A dad died after he encouraged his teenage son to hit him during a ‘game of slaps’ that went tragically wrong, an inquest heard.
Army veteran Malcolm Callender, 48, fatally hit his head on the road during ‘horseplay’ with his 19-year-old son Ewan on April 12 last year.
The coroner was told that the ex-soldier, who worked and lived at public school Wellington College in Berkshire, had been drinking with his son at pubs before he started the game by slapping him.
He then stood with his hands behind his back and said to Ewan: ‘Right, you can have your free shot.’
Witnesses said Ewan was not keen on hitting his bigger-built father but wanted to ‘make him proud’.
He was seen clenching his fists outside the Matchbox nightclub in Reading before he delivered the slap which caused his father to reel backwards and hit his head on the road.
As his father lay on the ground, Ewan was heard screaming ‘wake up Dad! Dad I love you!’
The serving soldier was arrested at the scene, but the Crown Prosecution Service decided not to prosecute him for any offence.
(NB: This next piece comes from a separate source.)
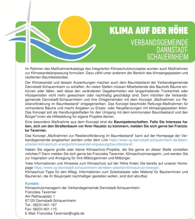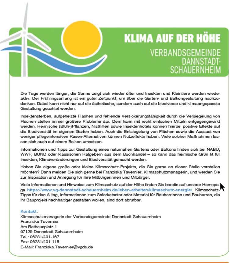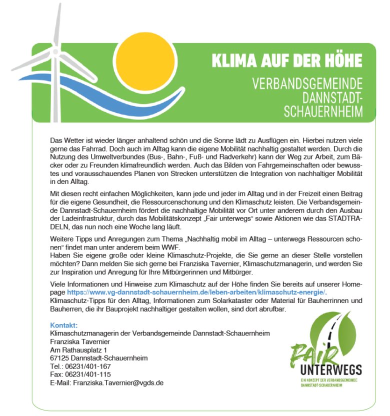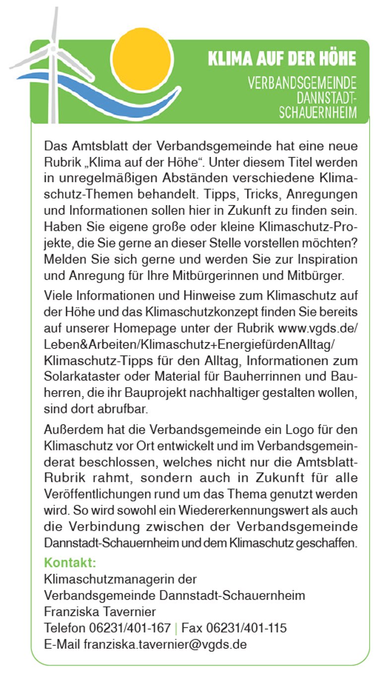 Klima auf der Höhe, Klimaschutz-Rubrik des Amtsblatts der Verbandsgemeinde Dannstadt-Schauernheim

CCTV played at the inquest showed Mr Callender senior raise his hand and strike his son, who went to retaliate but instead embraced his father.
Giving evidence at the inquest, Ewan said ‘there was nothing aggressive’ about the slap and that the pair were ‘messing around’.
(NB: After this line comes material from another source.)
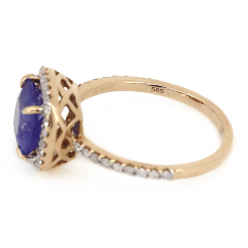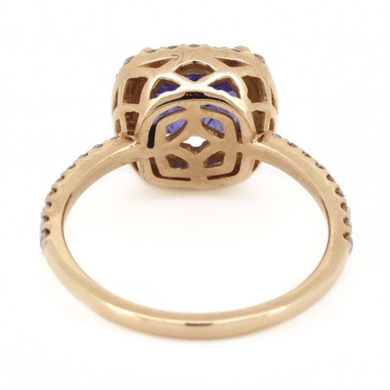 14K ROSE GOLD, TANZANITE AND DIAMOND, HALO RING. The Centre Features, One Cushion Cut, Purplish-Blue, Tanzanite (2.67Ct, Eye Visible Inclusions), Claw Set. Surrounding The Centre In A Halo And Decorating The Band Are, 42 Round Brilliant Cut, Diamonds (0.34Ct Tdw, H-J Colour, Si2-I2 Clarity), Shared Claw Set In White Gold. Ring Size N. The Tanzanite Has Some Natural Inclusions That Have Reached The Surface. Valuations Provided by an Independent Third-Party Professional Not Directly Associated With Lloyds Auctions at AUD $$6,510.00This valuation has been conducted by an independent third-party professional. The valuation amount is an assessment by the issuing valuer and does not reflect the auction value of the item. Any inquiries regarding the valuation should be directed to the issuing valuer (refer to contact details on the certificate), as Lloyds Auctions has no affiliation or influence over the valuation, the valuer, or the stated amount. 0645927+1617

Kathryn Morrison, Mr Callender’s wife and Ewan’s mother, said in a statement read in court that the slapping between the father and son was a common game they played.
She said: ‘As a family, we would always be messing about with each other and we would be giving each other quick little digs in the ribs which we called “fingers of steel”.
‘We would wrestle with each other where we would try to grab the other person and take them to the ground. Another game we would play was slaps.
‘When Ewan was about 15 years old, he and Malcolm would progress to try to slap each other around the face. Malcolm would always be winding him up, saying, “you reckon you can take me yet?”
‘Malcolm was very competitive so he would never let Ewan win, he would use it as a reminder that Ewan was not quite big enough yet.
‘After Malcolm passed away I spoke to Ewan about what happened. From what he described, it sounded just like the games that they had been playing together since Ewan was a kid.’
Friend of Ewan’s Luke Key, who was visiting from Birmingham and was on the night out, also told the inquest that the father and son were ‘happy and laughing’ as they played the game.
He said: ‘It is a bit of an Army thing and Ewan and Malcolm had that sort of relationship. He always had a strong relationship with his dad.’
He added that he could see in Ewan’s face ‘that he did not want’ to slap his father and that he got the impression ‘he had something to prove’.
‘Ewan looked up to his dad as he was a higher-up figure in the Army and he wanted to make his dad proud,’ he said.
After hitting his head, Mr Callender senior was rushed to the Royal Berkshire Hospital where he was treated for an acute subdural haemorrhage, but he died in the early hours of the following morning.
The cause of death was given as ‘blunt force trauma to the head’.
A toxicology examination found Mr Callender senior was over twice the drink-drive limit for alcohol but had no other substances in his body.
Mr Wade said he would not reach a conclusion that Mr Callender had died from unlawful killing.
Giving a narrative conclusion, he said the veteran died after ‘consensual horseplay’.
‘I hope the inquest allows some closure,’ he said. ‘I cant begin to imagine the anguish and deep, deep pain the event caused the family.’